■ Data segment
------------------------------------------------

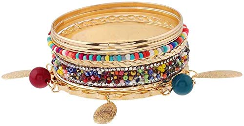 Classic Design 7 Pcs Colorfull Beads Studded Pearl's Ethnic Style Gold Plated Boho Bangles Set for Women and Girl's
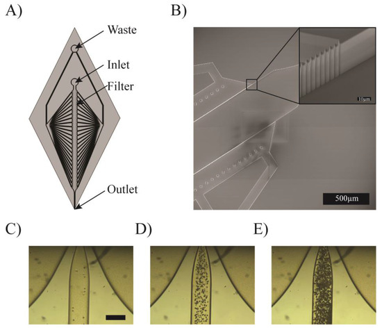 In the previous paragraphs, print heads based on very simple microfluidic components were presented; however, microfabrication techniques can be used to manufacture much more complex structures. In this paragraph, we demonstrate a print head allowing the concentration of particles in solution, which can be used to increase the filler concentration of a composite resin just before it is printed or to concentrate cells in bioprinting. Figure 4A shows a schematic of the print head. A solution containing particles or cells enters the device by the inlet and flows in a straight channel equipped with a crossflow filter towards the outlet. This crossflow filter allows some of the liquid to be withdrawn between inlet and outlet simply by adequately imposing the flows both at the inlet and the waste outlet, thus concentrating the particles in solution. The extracted liquid is removed from the device through the waste outlet, while the concentrated solution is 3D printed. To separate micrometric-sized particles, the crossflow filter must feature small openings. This is made by a series of 50 µm tall, 2 µm wide pillars with a 4 µm pitch, as shown in Figure 4B. This structure is fabricated in a single etching step. Figure 4C–E demonstrates the concentration of a solution containing 8 µm beads.
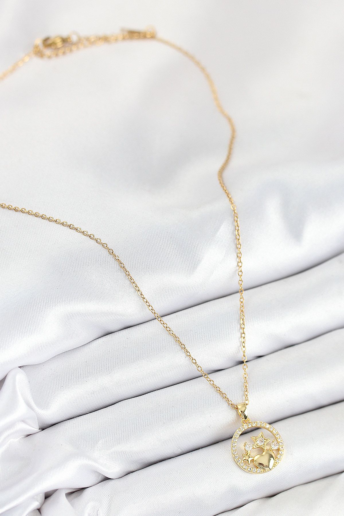 316L Çelik Zirkon Taşlı Yıldız Ve Kalp Model Gold Renk Kadın Kolye - TJ-BKO10522

------------------------------------------------

■ Task requirements
Copy out the whole listing exactly. Skip its pictures.

■ Completed task
 Classic Design 7 Pcs Colorfull Beads Studded Pearl's Ethnic Style Gold Plated Boho Bangles Set for Women and Girl's
 In the previous paragraphs, print heads based on very simple microfluidic components were presented; however, microfabrication techniques can be used to manufacture much more complex structures. In this paragraph, we demonstrate a print head allowing the concentration of particles in solution, which can be used to increase the filler concentration of a composite resin just before it is printed or to concentrate cells in bioprinting. Figure 4A shows a schematic of the print head. A solution containing particles or cells enters the device by the inlet and flows in a straight channel equipped with a crossflow filter towards the outlet. This crossflow filter allows some of the liquid to be withdrawn between inlet and outlet simply by adequately imposing the flows both at the inlet and the waste outlet, thus concentrating the particles in solution. The extracted liquid is removed from the device through the waste outlet, while the concentrated solution is 3D printed. To separate micrometric-sized particles, the crossflow filter must feature small openings. This is made by a series of 50 µm tall, 2 µm wide pillars with a 4 µm pitch, as shown in Figure 4B. This structure is fabricated in a single etching step. Figure 4C–E demonstrates the concentration of a solution containing 8 µm beads.
 316L Çelik Zirkon Taşlı Yıldız Ve Kalp Model Gold Renk Kadın Kolye - TJ-BKO10522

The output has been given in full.